Subject: DarwinPSK group

Hi all,

I've been corresponding with a number of people about DarwinPSK in the
past month, so it seems we should all meet each other. Mac users are a
minority, and hams with Macs are an even smaller minority, but it
appears that quite a few of us are interested in using PSK31.

Thus, I'm sending this note to everybody who has contacted me about
psk31 on the Mac. Several of you are accomplished programmers, which I
am not, and several are engineers, which I am not. I am a writer,
formerly a high-school science teacher. Together, perhaps we can put
our talents together and refine the software into something excellent.

The author of LinPSK, Volker Schroer / DL1KSV, has done a wonderful job
of it. He is working with KDevelop and Linux on an Intel-based machine
and does not have a Mac. I'm a continent away, with a couple of Macs
that run Apple X11 and KDE, and have an interest in porting Linux
software to my favorite machines. I guess we're the "Development Team"
if such a grand title is deserved. Since work and family can interfere
with recreational software development (hi, hi) and there's a natural
time lag because the two teammates are in Germany and Maryland, we may
not proceed as fast on the project as everybody would prefer.

Here's the status:

DarwinPSK came out of LinPSK about two years ago, after considerable
effort in porting from Intel-based Linux to the Mac. It ran very well.
It used XFree86, generally installed with the Fink package manager, the
Qt2 libraries for its subroutines and Esound for sound I/O.

The developers of the Qt subroutines came out with a new version, Qt3,
late last year. Apple released OSX 10.2 (Jaguar) and its own version of
X-Windows, called X11. The result was that DarwinPSK no longer worked.
Simultaneously, Volker had been working on a new version of LinPSK that
used the Qt3 libraries on Intel-based Linux and had more features than
the original. I began working with him again to port this new version
to the Mac as DarwinPSK.

So here we are: A new version of DarwinPSK now works on the Mac with
Apple X11, Qt3 and esound. This version also requires fftw (Fastest
Fourier Transformation in the West). You can get Apple X11 and its
associated SDK (Software Development Kit) from the Apple Web site. All
this software is free. The present version does have bugs, including
problems with sound levels. The output volume is distorted and too
high. It copies and decodes PSK31 communications on 20 meters very
well, and is quite easy to use.

While I do have a pre-compiled binary version of DarwinPSK, it doesn't
seem to run on all machines, so you may need to have the ability to
build X11 software on your own Mac. For that, you need the latest Apple
Developer Tools from the Apple site.

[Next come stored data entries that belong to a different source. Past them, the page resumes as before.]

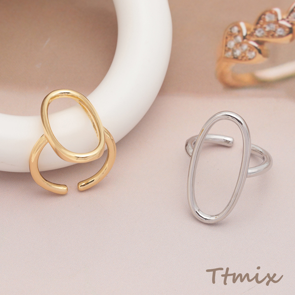デザインリング オーバル 指輪 メタル オープンリング 10号内径約16mm(幅約27mm)(1ヶ)
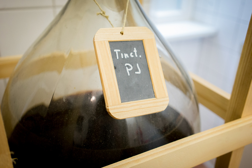 Wenn wir Mazerate ansetzen, dann etwas runzelig, weil das Reinigen der Apparaturen und Gefäße die meiste Zeit in Anspruch nimmt.
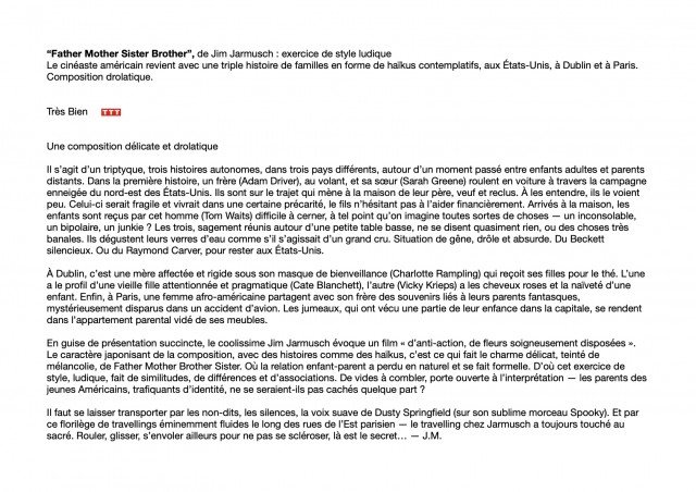 Critique Father mother sister brother ( télérama )
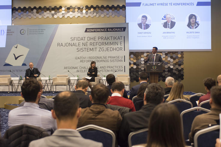 Head of the OSCE Mission in Kosovo, Ambassador Jan Braathu, addresses a conference on regional challenges and practices in electoral system reform, organized by the Kosovo Democratic Institute. Prishtinë/Priština, 26 October 2018.
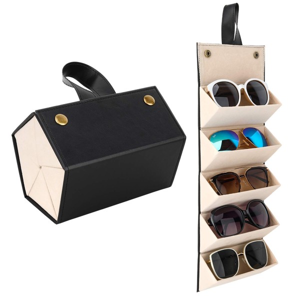 - ★【Space saver】 Folding design, you can store multiple pairs glasses or sunglasses at the same time, open is easy.Hanging design, the sunglasses organizer can hang in the wardrobe, behind the door or on the shelf to save space.
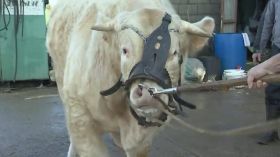 Top Chef est un taureau de race charolaise de 2 ans et 1200kg. Avant sa participation au salon de l'agriculture de Paris, l'ostéopathe est venu faire un dernier check-up et les éleveurs du GAEC Dautrot le bichonne. Le concours est prévu le 25 février et le résultat pourrait avoir des répercussions financières sur l'exploitation.
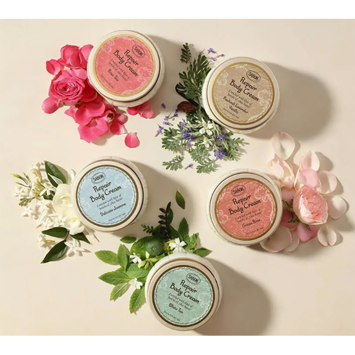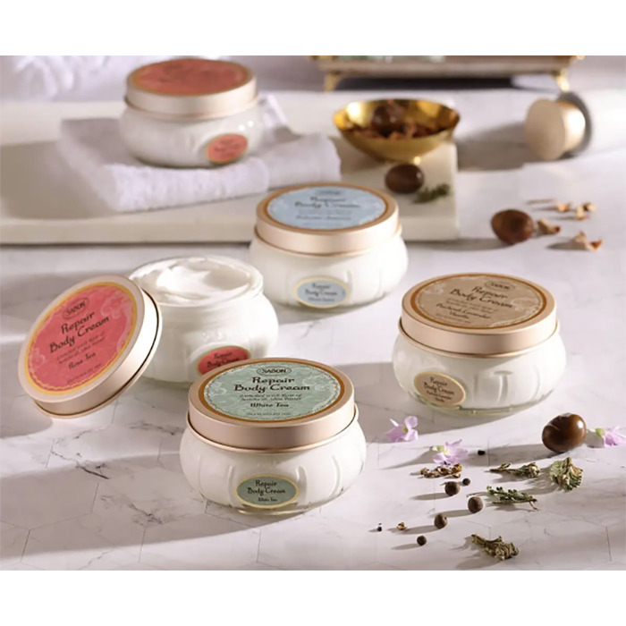 SABON「リペアボディクリーム」のシリーズは、ホワイトティーやグリーン・ローズをはじめ全6種類の香りがあり、自身の好みに合わせて購入可能です。保湿成分である「アンザンシュエキス」や「シア脂(エモリエント)」が配合されており、乾燥ダメージを集中ケアします。パッケージはジャータイプで、高級感あるデザインなのでプレゼントにもおすすめです。
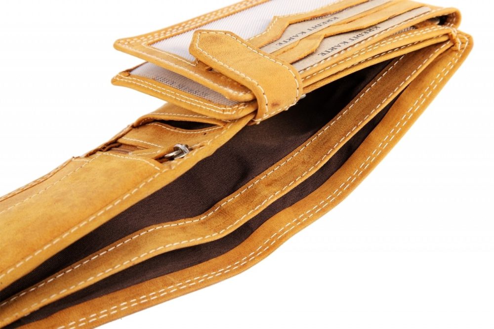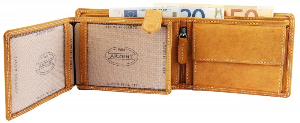 A carteira da marca Accent é feita de couro genuíno em formato paisagem. É composto por dois compartimentos para notas, um compartimento para moedas e um compartimento expansível para cartões. Os compartimentos para notas estão localizados na parte traseira e o compartimento para moedas no lado direito. No lado esquerdo da carteira existem três slots para cartões que podem ser operados por cima. Existem dois compartimentos práticos para identificação atrás dos compartimentos para cartões. O estojo de couro com compartimentos para cartões e cartões de identificação pode ser aberto duas vezes para a esquerda e também é fechado com um botão de pressão. Existem slots de cartão adicionais sob o segundo compartimento de identificação e na parte traseira. Existem dois bolsos grandes por baixo destes e por baixo do compartimento para moedas. As dimensões são comprimento de 10,2 cm, largura de 12,5 cm e altura de 2,5 cm.
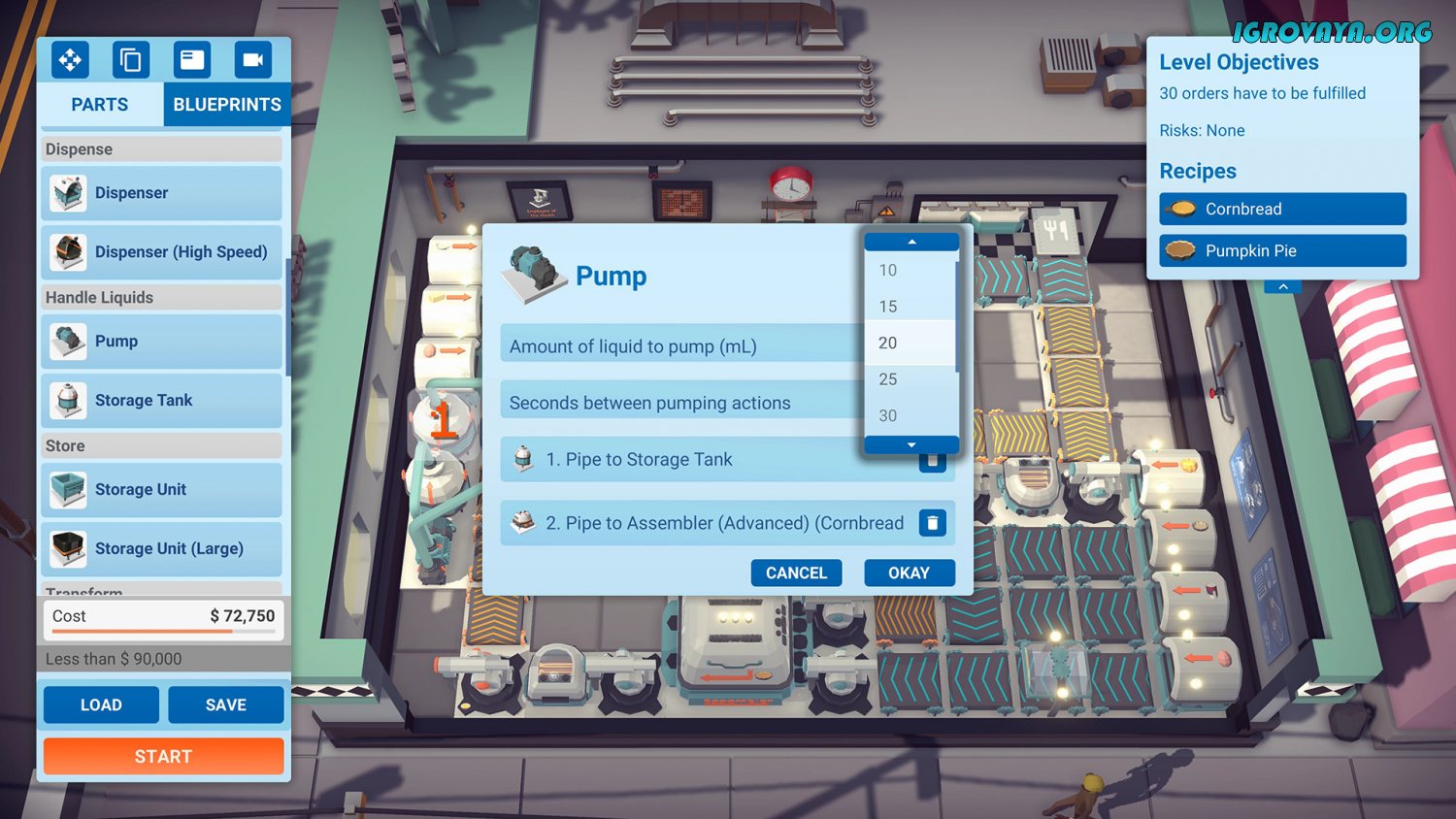 К слову, в Automachef есть два режима игры. Первый режим, это полноценная песочница, в которой вы сможете оборудовать кухню так, как захотите. Тут нет никаких ограничений, ни в плане оборудования, ни в плане ресурсов, ни в плане тайминга. Второй же режим, это режим сюжетной кампании, в котором вас ждут многочисленные задания, тайминги, испытания, море условий и бонусов, и не только.

This is a very large download. I
recommend Fink to manage the packages on your X-Windows system, and
it's available at www.fink.sourceforge.net, along with a nice user
interface called Fink Commander which eliminates most of the need to
type commands into a Terminal window. Install qt3, esound and fftw with
Fink. All this software is free, also.

If you have a setup like this and want the latest DarwinPSK, email me
and I'll send you either the binary or the source code so you can build
it on your Mac. Volker wrote today that he's sending me a new version
after this weekend, so you might want to wait for that.

It's good to meet you all. Keep in contact.